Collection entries
══════
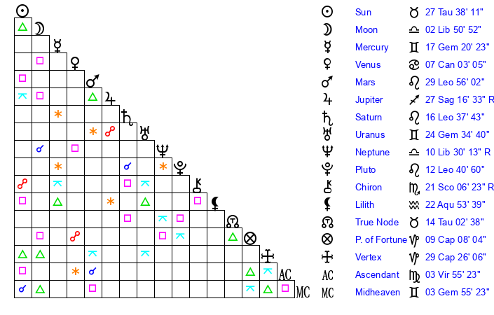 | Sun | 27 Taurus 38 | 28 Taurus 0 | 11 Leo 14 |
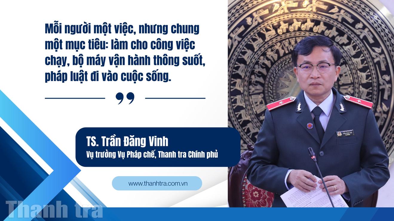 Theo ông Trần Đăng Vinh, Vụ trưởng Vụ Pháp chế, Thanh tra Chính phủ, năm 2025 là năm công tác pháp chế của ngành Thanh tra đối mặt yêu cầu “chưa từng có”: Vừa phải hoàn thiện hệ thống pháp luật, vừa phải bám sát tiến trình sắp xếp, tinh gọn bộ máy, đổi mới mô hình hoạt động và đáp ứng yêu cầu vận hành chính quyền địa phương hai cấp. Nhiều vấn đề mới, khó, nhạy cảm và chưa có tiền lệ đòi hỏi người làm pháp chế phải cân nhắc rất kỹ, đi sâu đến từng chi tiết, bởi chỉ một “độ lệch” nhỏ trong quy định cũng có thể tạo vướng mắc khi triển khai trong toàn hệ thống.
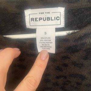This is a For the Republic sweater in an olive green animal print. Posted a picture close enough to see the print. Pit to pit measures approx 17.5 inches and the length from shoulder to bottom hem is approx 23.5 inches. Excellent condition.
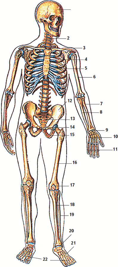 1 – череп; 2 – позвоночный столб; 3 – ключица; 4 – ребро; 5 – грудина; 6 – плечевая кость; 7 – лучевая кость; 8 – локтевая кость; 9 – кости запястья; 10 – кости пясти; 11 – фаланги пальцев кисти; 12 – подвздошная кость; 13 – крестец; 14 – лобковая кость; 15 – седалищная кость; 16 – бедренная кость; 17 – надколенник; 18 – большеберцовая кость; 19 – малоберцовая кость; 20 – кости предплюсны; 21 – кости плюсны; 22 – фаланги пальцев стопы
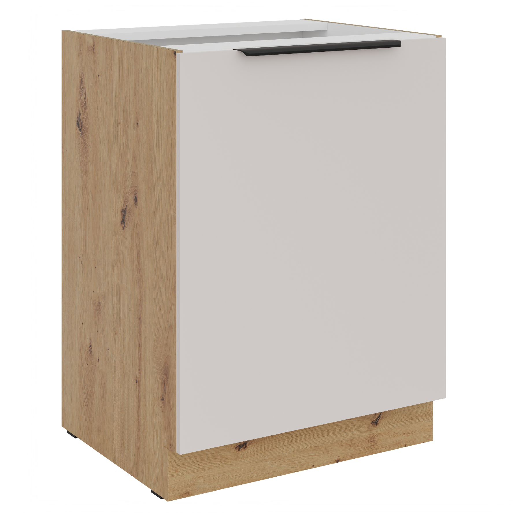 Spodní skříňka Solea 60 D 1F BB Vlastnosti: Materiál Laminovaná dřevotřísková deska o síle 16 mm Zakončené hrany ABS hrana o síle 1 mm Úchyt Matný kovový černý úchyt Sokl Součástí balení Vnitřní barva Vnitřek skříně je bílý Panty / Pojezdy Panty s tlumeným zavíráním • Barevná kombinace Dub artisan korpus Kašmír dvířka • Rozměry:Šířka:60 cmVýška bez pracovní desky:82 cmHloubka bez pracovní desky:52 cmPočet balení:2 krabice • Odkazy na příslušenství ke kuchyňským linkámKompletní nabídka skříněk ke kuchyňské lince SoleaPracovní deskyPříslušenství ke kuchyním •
══════
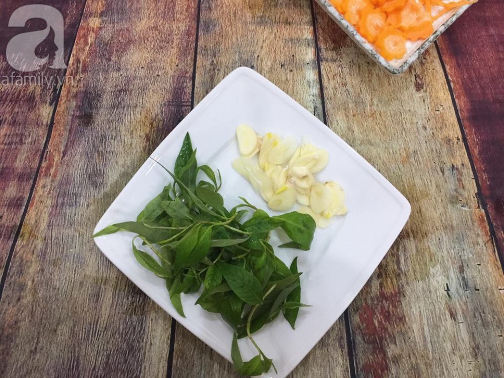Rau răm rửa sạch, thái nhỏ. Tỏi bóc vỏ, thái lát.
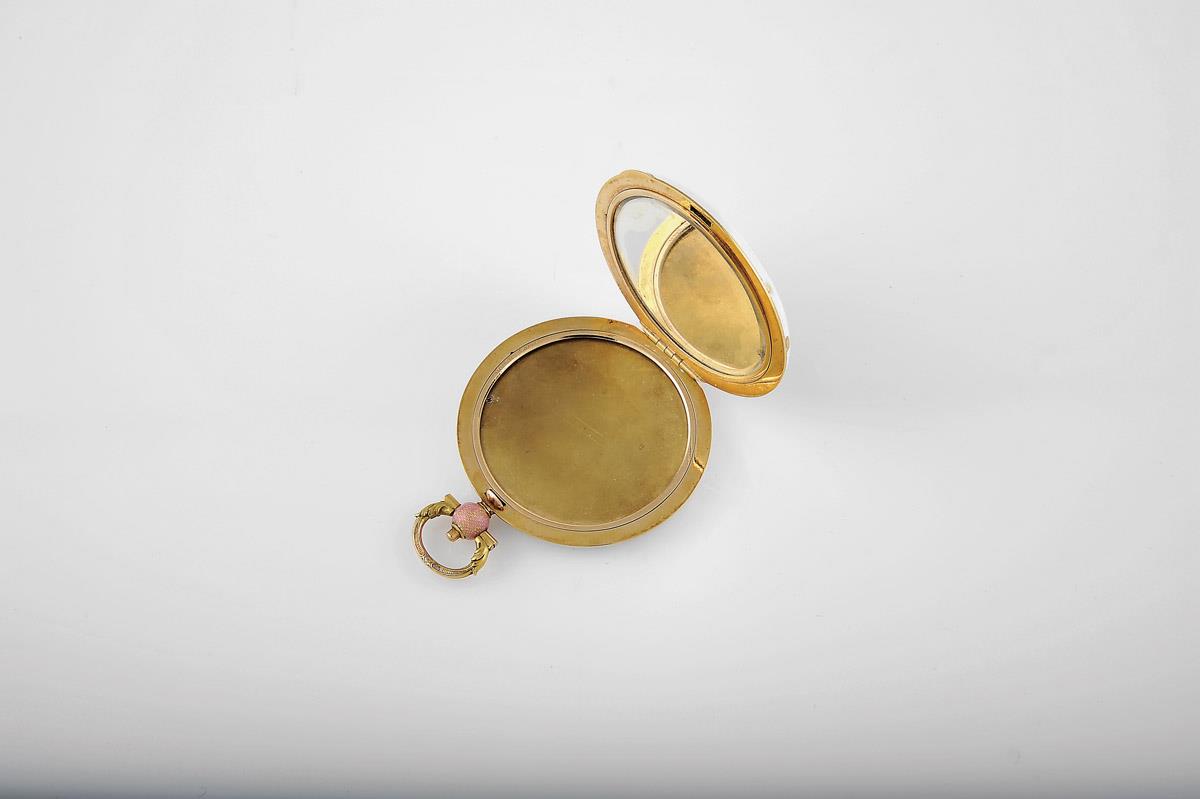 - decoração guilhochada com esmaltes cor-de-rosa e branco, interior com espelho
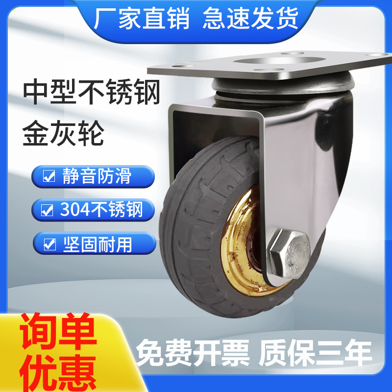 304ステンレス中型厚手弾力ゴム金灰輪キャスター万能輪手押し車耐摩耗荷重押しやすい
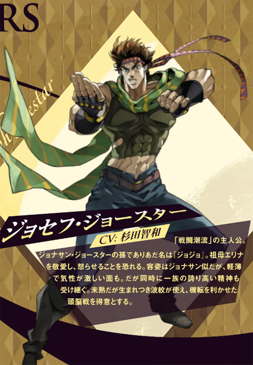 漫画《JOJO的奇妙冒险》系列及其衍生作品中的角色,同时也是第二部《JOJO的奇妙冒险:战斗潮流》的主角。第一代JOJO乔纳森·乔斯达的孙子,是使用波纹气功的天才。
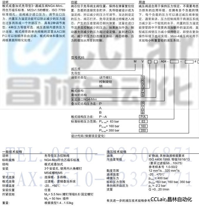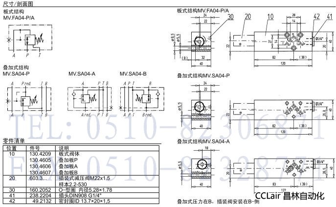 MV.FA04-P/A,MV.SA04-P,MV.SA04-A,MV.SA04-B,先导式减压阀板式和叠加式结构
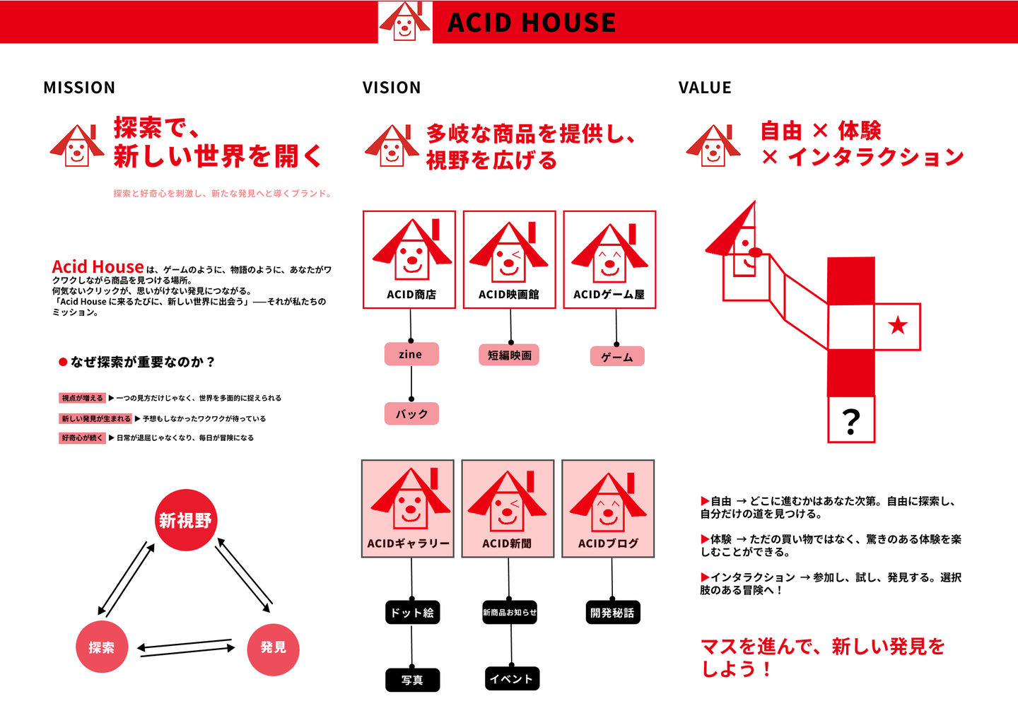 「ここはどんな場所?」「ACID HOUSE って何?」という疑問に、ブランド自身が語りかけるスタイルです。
══════
**Prompt:** Work from the entries above. Set down exactly and only the lines from the line with "11 Leo 14 |" to the line with "Spodní skříňka Solea", both included, and leave the pictures out.

**Response area:**
 | Sun | 27 Taurus 38 | 28 Taurus 0 | 11 Leo 14 |
 Theo ông Trần Đăng Vinh, Vụ trưởng Vụ Pháp chế, Thanh tra Chính phủ, năm 2025 là năm công tác pháp chế của ngành Thanh tra đối mặt yêu cầu “chưa từng có”: Vừa phải hoàn thiện hệ thống pháp luật, vừa phải bám sát tiến trình sắp xếp, tinh gọn bộ máy, đổi mới mô hình hoạt động và đáp ứng yêu cầu vận hành chính quyền địa phương hai cấp. Nhiều vấn đề mới, khó, nhạy cảm và chưa có tiền lệ đòi hỏi người làm pháp chế phải cân nhắc rất kỹ, đi sâu đến từng chi tiết, bởi chỉ một “độ lệch” nhỏ trong quy định cũng có thể tạo vướng mắc khi triển khai trong toàn hệ thống.
This is a For the Republic sweater in an olive green animal print. Posted a picture close enough to see the print. Pit to pit measures approx 17.5 inches and the length from shoulder to bottom hem is approx 23.5 inches. Excellent condition.
 1 – череп; 2 – позвоночный столб; 3 – ключица; 4 – ребро; 5 – грудина; 6 – плечевая кость; 7 – лучевая кость; 8 – локтевая кость; 9 – кости запястья; 10 – кости пясти; 11 – фаланги пальцев кисти; 12 – подвздошная кость; 13 – крестец; 14 – лобковая кость; 15 – седалищная кость; 16 – бедренная кость; 17 – надколенник; 18 – большеберцовая кость; 19 – малоберцовая кость; 20 – кости предплюсны; 21 – кости плюсны; 22 – фаланги пальцев стопы
 Spodní skříňka Solea 60 D 1F BB Vlastnosti: Materiál Laminovaná dřevotřísková deska o síle 16 mm Zakončené hrany ABS hrana o síle 1 mm Úchyt Matný kovový černý úchyt Sokl Součástí balení Vnitřní barva Vnitřek skříně je bílý Panty / Pojezdy Panty s tlumeným zavíráním • Barevná kombinace Dub artisan korpus Kašmír dvířka • Rozměry:Šířka:60 cmVýška bez pracovní desky:82 cmHloubka bez pracovní desky:52 cmPočet balení:2 krabice • Odkazy na příslušenství ke kuchyňským linkámKompletní nabídka skříněk ke kuchyňské lince SoleaPracovní deskyPříslušenství ke kuchyním •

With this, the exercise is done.